Photograph of the Tute, a cultural centre in Cambois
Photograph of the Tute, a cultural centre in Cambois — Photo: Cephascrispus | CC0

Cambois

villagecoal-miningindustrial-heritagearts-revivalnorthumberlandcoastal
4 min read

In a former mining village on the Northumberland coast, in a derelict 1929 brick building that no one had used for over a decade, a choreographer and a writer are running dance classes and writing groups with no heating. They are scraping together grants to keep everything free. The Guardian came to visit in 2023 and described them shivering through the winter. Their building is called The Tute - short for the old Miners Welfare Institute - and it sits in Cambois, a village that has spent the last twenty years being promised industrial salvation and then having it withdrawn. The miners are gone. The gigafactory is gone. The Tute survives.

Cambas Becomes Cambois

The village's strange name has been puzzling place-name scholars for over a century. The most cited etymology derives it from the Gaelic cambas, meaning a bay or creek. But it could equally come from the Cumbric cognate - the Brittonic language once spoken across northern England - of the same root, camas, meaning a bend in a river or a bay. Either fits the geography precisely: Cambois sits at the confluence of the Sleek Burn and the River Blyth, where both waters bend toward the North Sea. The spelling, regardless of origin, was clearly influenced by French bois, meaning wood - a Norman scribe writing what made sense to his eye rather than to his ear. Cambois was once a township in Bedlingtonshire, which was part of County Durham until 1844, when boundary reforms moved it into Northumberland. Coal mining came in 1862. Cambois Colliery closed in the week ending 20 April 1968, ending the village's reason for existing in the form it had taken.

The Tute

Before the colliery closed, the Miners Welfare Institute was the village's social heart. The current building - the fourth on the site, dating from 1929 - was built after fire destroyed an earlier one. Its original facilities included a large billiards room, a library and news room, a committee room, a 200-seater meeting hall, a smoke room, and a lecture hall where films were also shown. After the pit closed, the building's purpose dwindled. By 2023 it had stood empty for over a decade. That year, choreographer Esther Huss and her partner, the writer Alex Oates, reopened it as an arts centre and community hub. They called it The Tute, the old miners' shortening of Institute. Huss creates her own dance work there and runs a dance group. Oates runs a writing group. They began with no heating, scraping together funding to keep their classes free for the people of Cambois. In 2024 they launched an annual Rude Health festival, bringing what they called daring and anarchic performance from world-class artists. Our audience, Oates told the Northumberland Gazette, deserve the same calibre of work you would see in London or Edinburgh.
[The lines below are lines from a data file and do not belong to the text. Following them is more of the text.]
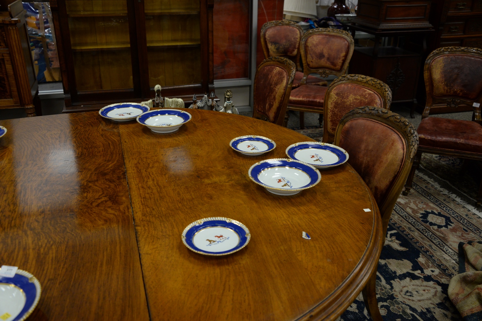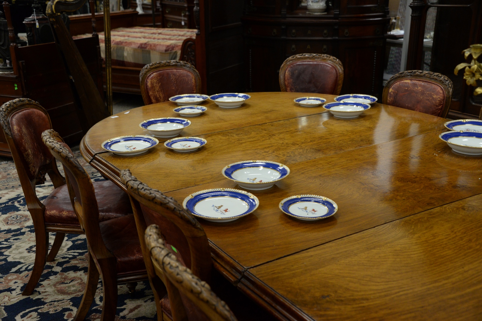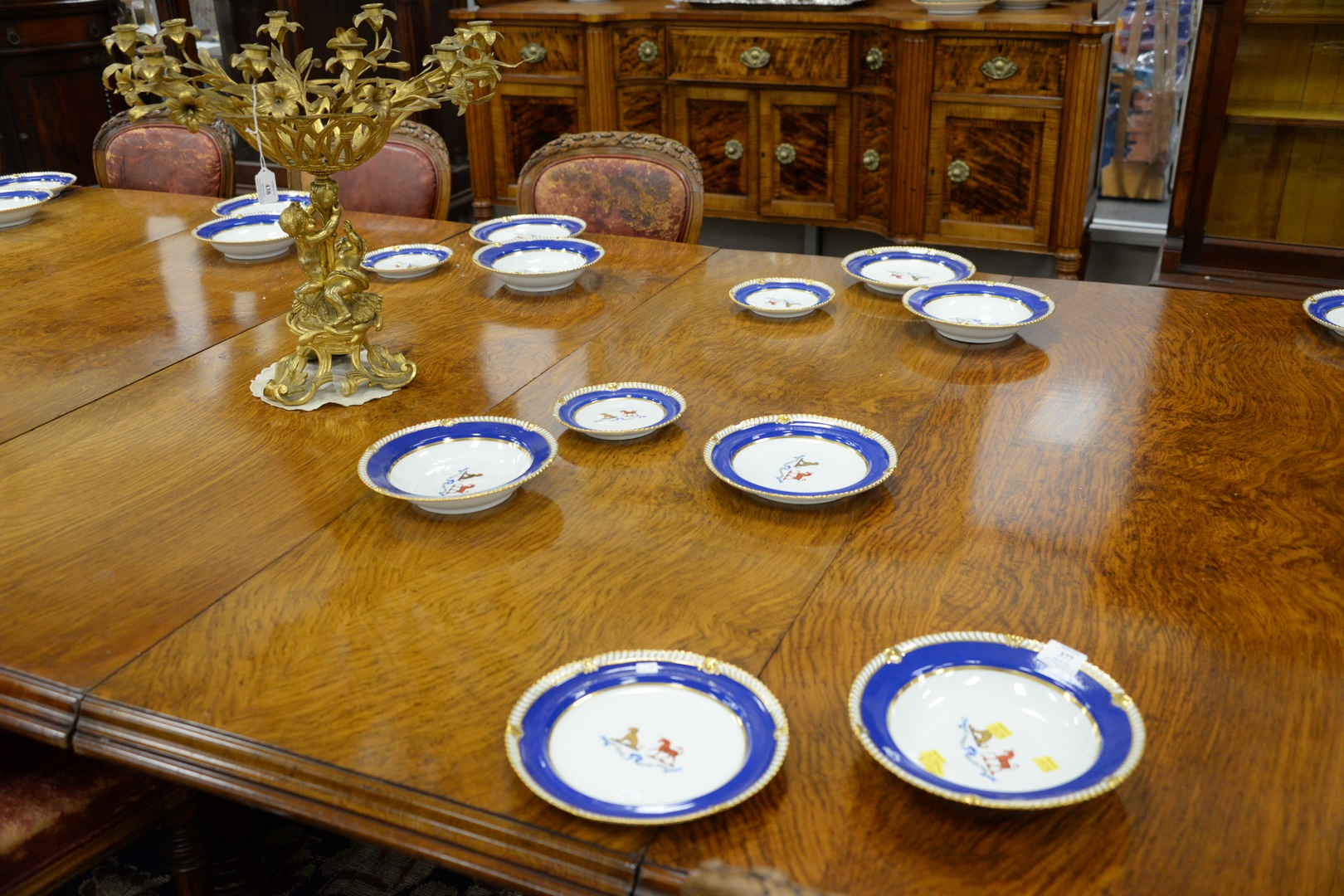 Chamberlain’s Worcester Porcelain Armorial Decorated Fifty-Eight Piece Partial Service Set 19th century England gilded with cobalt blue border, central crest mark of gilt dog and red unicorn, banner marked Pauca Suspexi, Pauciora Despexi, to include 35 dinner plates, 11 luncheon plates, 12 bowls dinner plate diameter 9 1/2 inches, there are five broken plates and one broken bowl Provenance: Estate from Sutton Place, N.Y. name withheld by request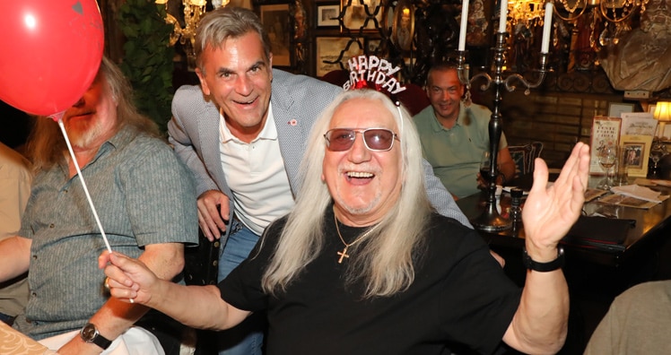 Nach Eierschwammerl Gulasch, Backhenderl und Bauernenten wurde eine große Nougat-Erdbeer-Schoko-Jubiläumstorte aufgefahren. Dass neben dem goldenen 50er noch 75 Kerzen auf der Torte erstrahlten und der gesamte Tross ein Happy Birthday für ihren Chef sang, ließ Mick Box, der vor wenigen Tagen seinen 75er feierte, die eine und andere Freudenträne verdrücken.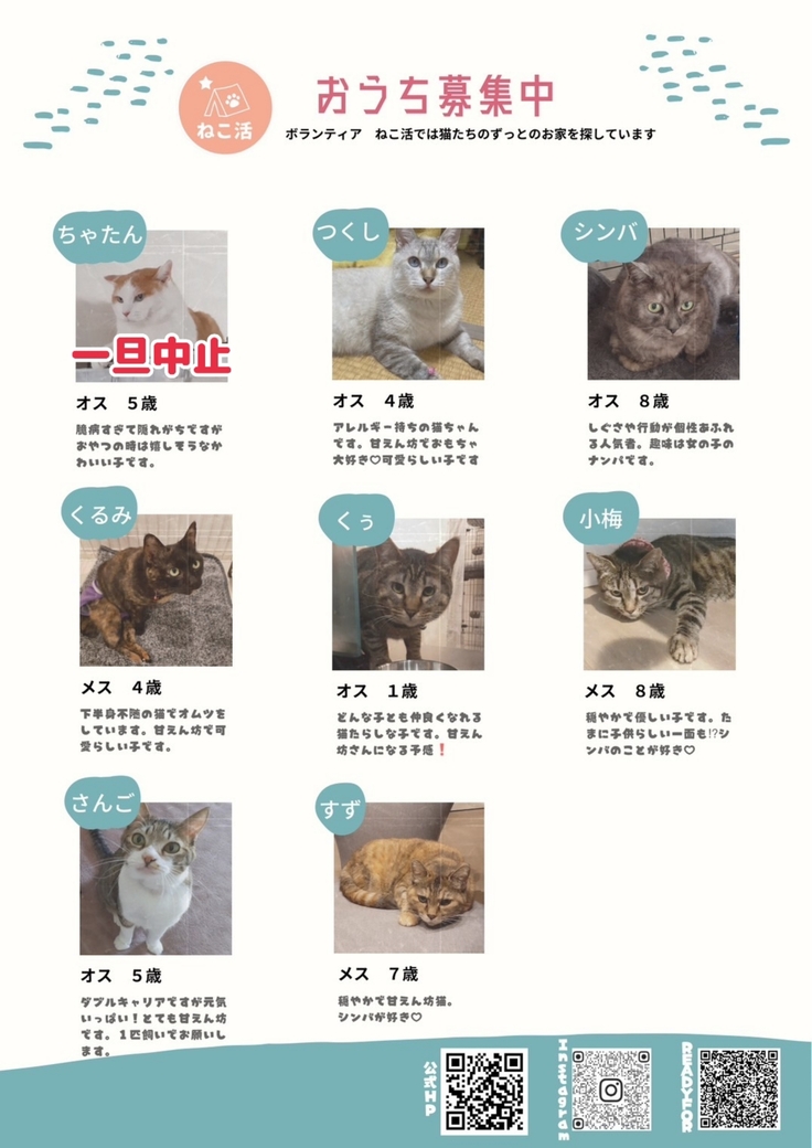 サポーター募集中/保護猫カフェ閉店で残った猫の飼育への援助を!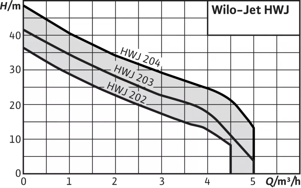 Насосная станция WILO HWJ-204-EM - установка с центробежным насосом в компактном исполнении с горизонтальным всасывающим и вертикальным напорным патрубком, которая состоит из следующих компонентов: Самовсасывающий одноступенчатый струйный насос со сквозным насосным валом электродвигателя и не зависящим от направления вращения скользящим торцовым уплотнением. Напрямую присоединенный фланцами однофазный или трехфазный электродвигатель со встроенным термическим защитным выключателем и конденсатором в исполнении для однофазного тока. Система управления насосом с управляющим агрегатом и мембранным напорным баком, манометрическим выключателем и манометром (0–6 бар). Все детали, находящиеся в контакте с перекачиваемой средой, не подвержены коррозии.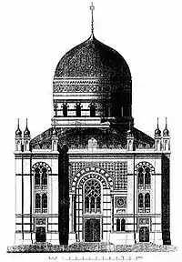 La synagogue de style mauresque est un bâtiment isolé situé à l'intersection de deux rues et faisant face à une troisième. Le bâtiment de deux étages au-dessus du rez-de-chaussée, se compose de deux parties: la partie ouest comprenant les vestibules, les escaliers et les bureaux de la communauté et la partie est formant le hall de prières avec une abside et couronné d'une grande coupole. La partie ouest est plus étroite que la partie est. Les murs sont en brique et crépi. La façade principale, où se situe l'entrée, est à l'ouest et le bâtiment est orienté d'ouest en est, avec l'abside, où est disposée l'Arche sainte, à l'est. Les hommes sont assis au rez-de-chaussée, au centre du hall de prières, et font face à l'Arche sainte, tandis que les femmes sont assises dans les deux étages de galeries situées sur les côtés ouest, nord et sud du hall.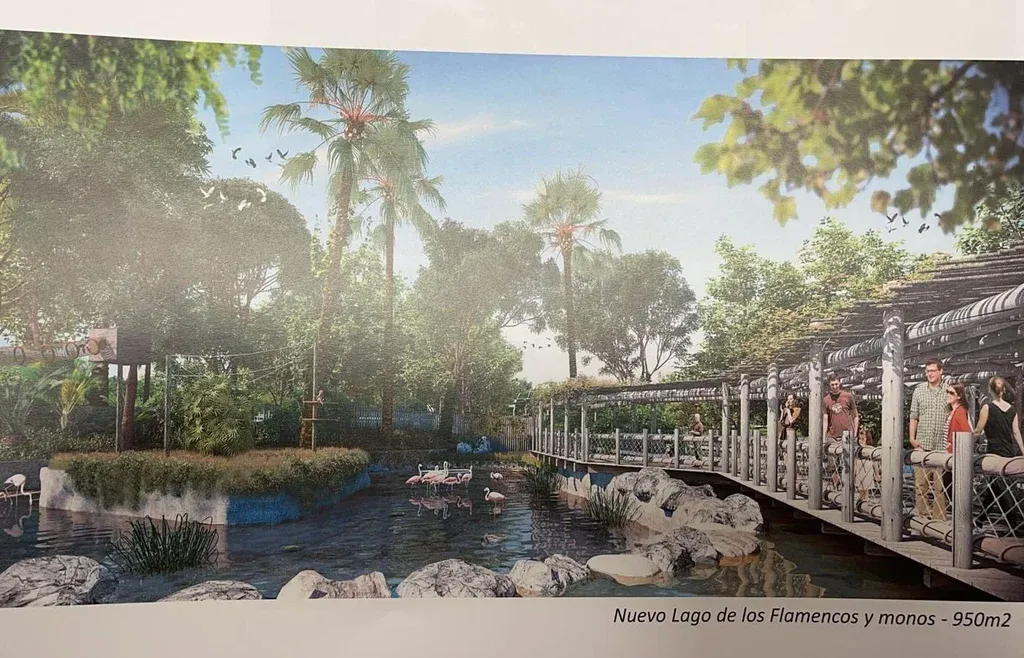Imagen del nuevo lago de flamencos y monos proporcionados por la IMM a la Junta Departamental
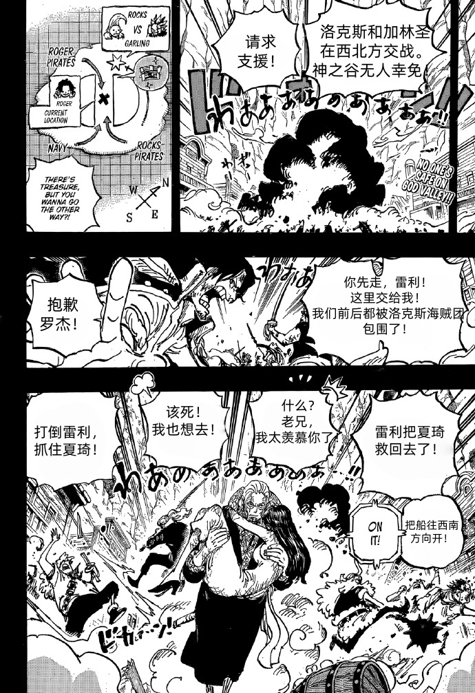 本话开始,雷利救走夏琦之后,遭到了洛克斯海贼团的人攻击,不过罗杰等人也在帮助雷利逃走!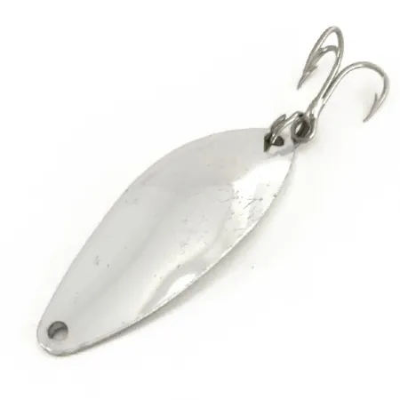 Med en vikt på 1/4 oz (7 g) exemplifierar det droppformade skedbladet på detta japansktillverkade skeddrag den enkla och effektiva design som Mister Twister föredrog under sin era av hårdvaruproduktion. Den polerade silverfinishen sträcker sig över hela längden på 1 1/2 tum (4 cm), vilket ger en högkontrastblixt i vattnet. På den konvexa sidan visar stämplingen tydligt namnet "Mister Twister Shelby Sportfisher" tillsammans med dess ursprung "Japan", en detalj samlare letar efter för att verifiera föremålets arv. Detta specifika exemplar, med produktkod 7444, är i utmärkt skick och får betyget 5/5 för sina rena ytor och välbevarade komponenter. En silverfärgad trekrok är säkert fäst vid stjärten via en robust fjäderring, medan nosen har ett förborrat fästhål. Viktfördelningen är balanserad mot den bredare änden av metallbladet, speciellt utformad för distanskast eller vertikalfiske.
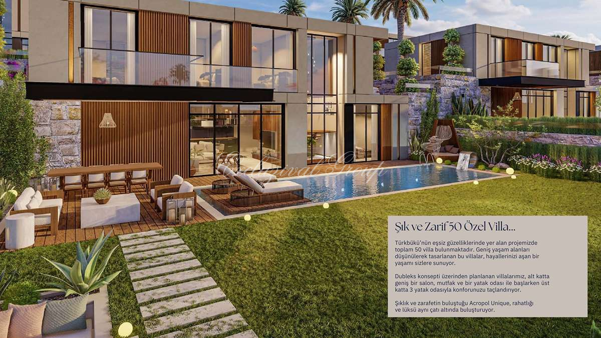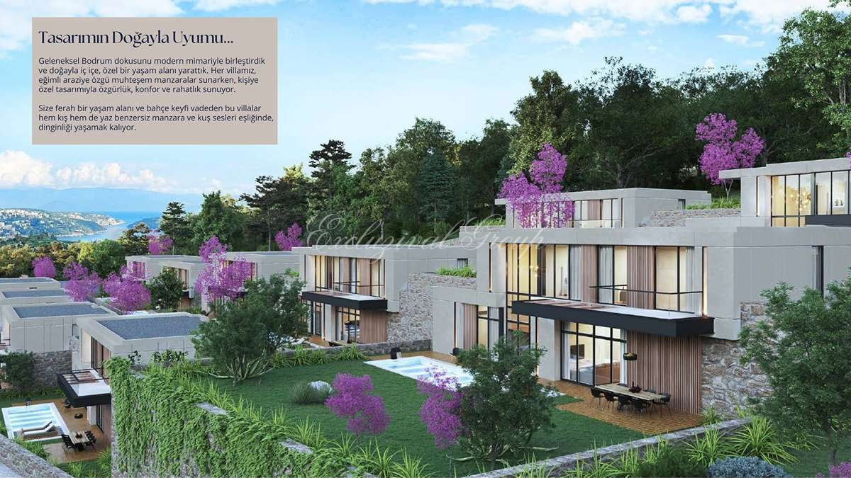 Собственный бассейн 36 м², отдельная парковка для каждой виллы и гостевая парковка, система «умный дом» и подогрев полов — все это создано для безупречного быта. В 11 км — яхтенная марина Ялыкавак, в 16 км — исторический центр Бодрума, а аэропорт находится всего в 45 км. При этом сам район, известный своими тихими бухтами и элитной инфраструктурой, дарит ощущение полного уединения среди холмов, покрытых соснами и оливковыми деревьями.
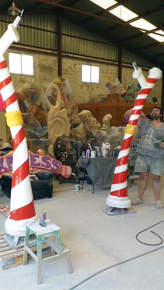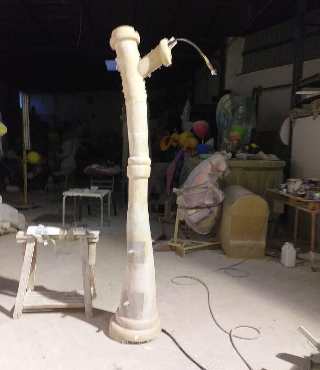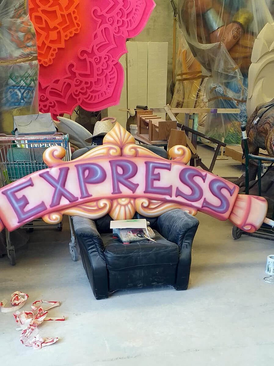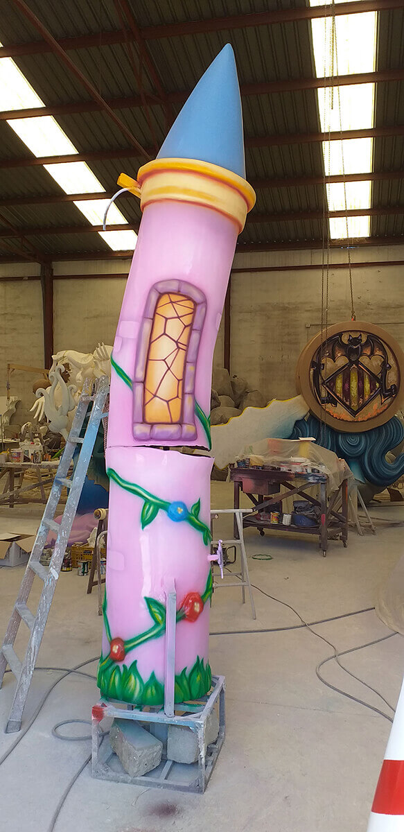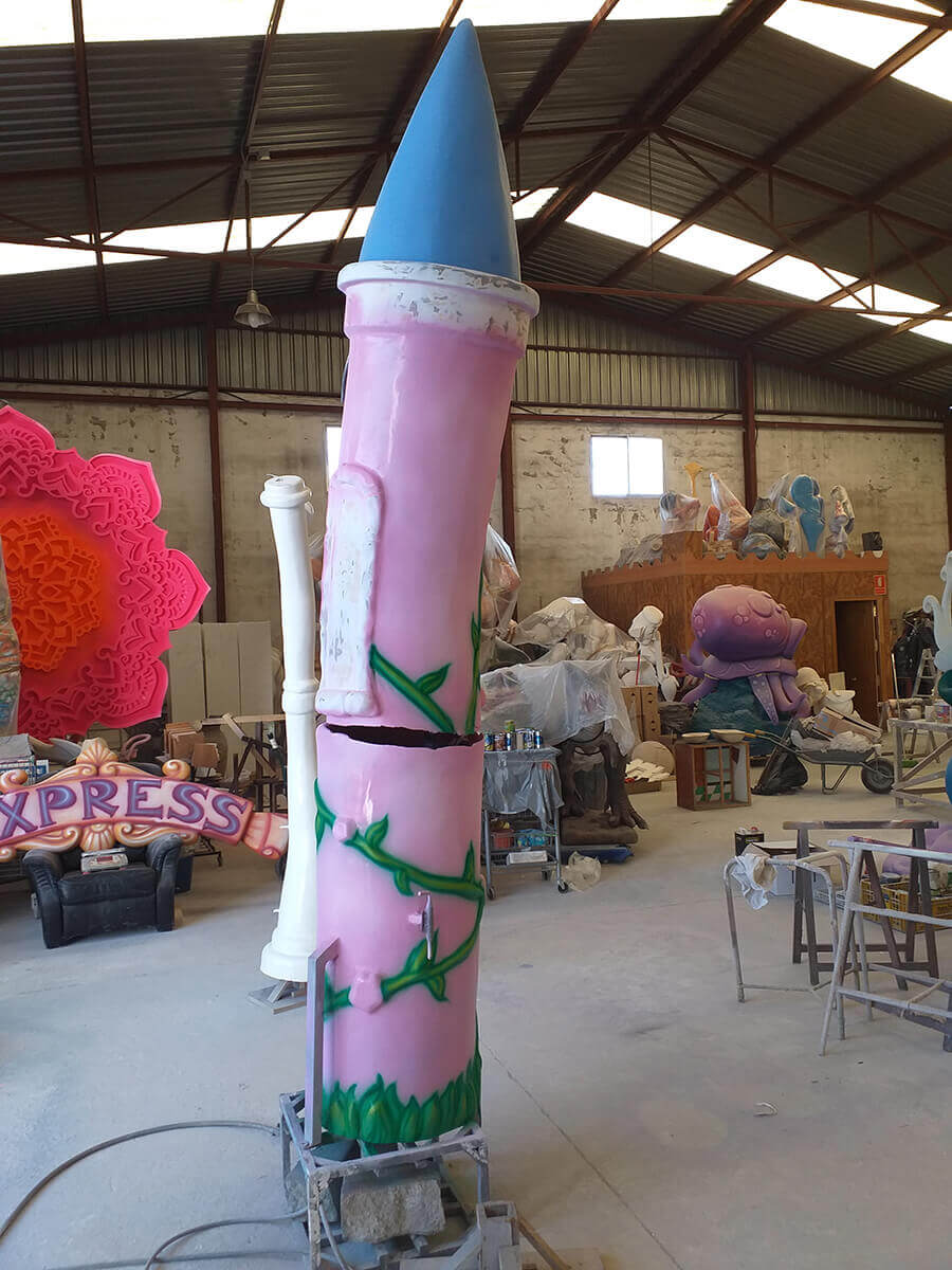 Los feriantes de Alicante solicitaron una carroza ambientada en un mundo mágico, que realizamos en fibra de vidrio y poliéster, utilizamos los materiales más adecuados para cada trabajo.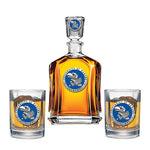 This 24-ounce glass decanter is embellished with a fine pewter casting. It comes with two Double Old Fashioned glasses. A great addition to any home bar! Made in USA.
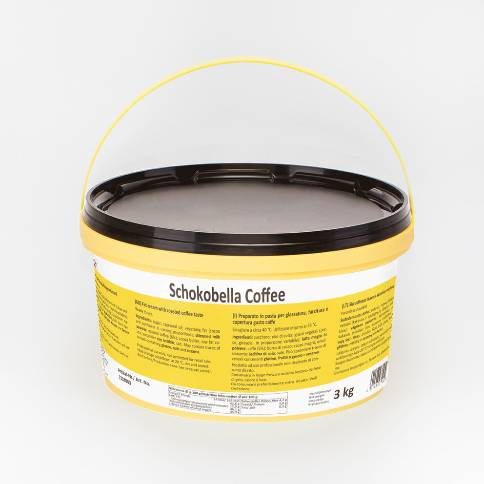 Preparato in pasta per glassatura, farcitura e copertura, gusto caffè. Ideale per cake, torte, profiterol, mignon, ecc. Può essere aggiunto agli impasti di biscotteria e arricchito con frutta secca. Ideale anche per aromatizzare creme/panna e per ripieni di pralineria.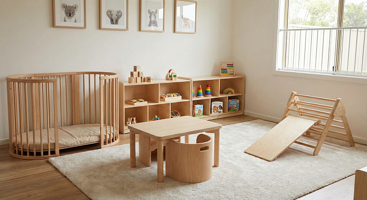 Системы хранения для детских — модульные стеллажи, комоды, шкафы из светлых пород дерева. Открытые полки для игрушек и книг, закрытые шкафы для одежды, выдвижные ящики для мелочей. Всё с скруглёнными углами, безопасной фурнитурой, устойчивой конструкцией. Креплениями к стене, предотвращающими опрокидывание.

The Gigafactory That Wasn't

In December 2020, Cambois was confirmed as the location for Britain's first major battery manufacturing plant. Britishvolt would build a £2.6 billion gigafactory on the former coalyards next to the demolished power station, producing lithium-ion batteries for the British car industry. The plant would employ 3,000 people. Planning permission was approved in July 2021. The construction firm ISG started clearing the site in late 2021. In January 2022, the UK government's Automotive Transformation Fund invested £100 million, alongside abrdn and Tritax. It was to be Britain's fourth-largest building. By August 2022, with funding crisis already biting, construction was paused. Manufacturing was pushed back to mid-2025. On 17 January 2023, Britishvolt collapsed into administration. The site was put up for sale. Fifteen months later, in April 2024, the site was sold to a US private equity firm for £110 million - not for batteries, but for data centres. Plans submitted in December 2024 envisaged up to ten data centre buildings totalling 540,000 square metres, an investment of up to £10 billion. The promise of 3,000 manufacturing jobs became 1,200 construction jobs and an unspecified number of data centre staff. Cambois's industrial future, twice promised in four years, settled into something different again.

From the Air

Cambois sits at 55.145 N, 1.521 W on the north side of the River Blyth estuary, between Blyth and Ashington. Newcastle International Airport (EGNT) is approximately 12 nm south-west. The village runs along the coast just north of Blyth harbour, with the prominent Blyth Offshore Demonstrator wind turbines visible 1-2 nm offshore and the former Cambois Power Station site to the west - now the cleared site once intended for the Britishvolt gigafactory, soon to become data centres. The Sleek Burn enters the Blyth from the north here. Best viewed at 1,500-3,000 feet AGL.